Once Goliath to Netlflix’s David, Blockbuster appears on the defensive in an effort to stay relevant to movie fans and viable as a business. In a filing with the U.S. Securities and Exchange Committee Monday, Blockbuster stated it may have to permanently close its retail stores. The company recently took out a $250 million loan—on top of its $780.9 million debt—and does not know if it can meet the conditions of the loan.
Blockbuster said it has “substantial doubt” about continuing as a “going concern.” A going concern is business jargon for the ability to continue as a functioning business that is not forced to liquidate its assets. The company operates 7400 stores globally, which spells bad news for Blockbuster employees and brick-and-mortar movie rental mavens.
Blockbuster did not fare well in a battle against DVD-by-mail powerhouse Netflix, mostly because it was late to join the innovative distribution method and invested too much time and money in other endeavors, such as a set-top box. Netflix has no retail store overhead expenses compared to Blockbuster which must keep the lights on at thousands of brick-and-mortar stores and pay retail staff.
Blockbuster is also facing competition from upstarts such as Redbox Automated Retail which operate self-serve DVD rental kiosks in retail locations such as grocery stores.

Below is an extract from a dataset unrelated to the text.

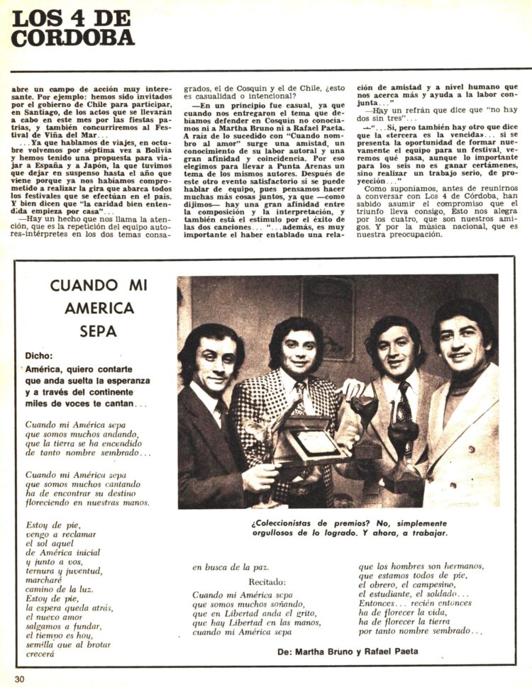 De los éxitos obtenidos por el Conjunto en el Festival de Cosquín y en el de Punta Arenas (Chile) se habla en la Revista Nº 225 (Setiembre de 1973) . En este último habían triunfado interpretando el tema “Cuando mi América sepa” también de Martha Bruno y Rafael Paeta.

While many may be sad to lose the “convenience” of entering a Blockbuster store and choosing that night’s rental, more have chosen Netflix, one of few companies in this recession that posted a fourth-quarter profit, leading many to believe Netflix is recession-proof. From the looks of its numbers, and its own grim outlook on the situation, I’m betting Blockbuster closes sooner rather than later.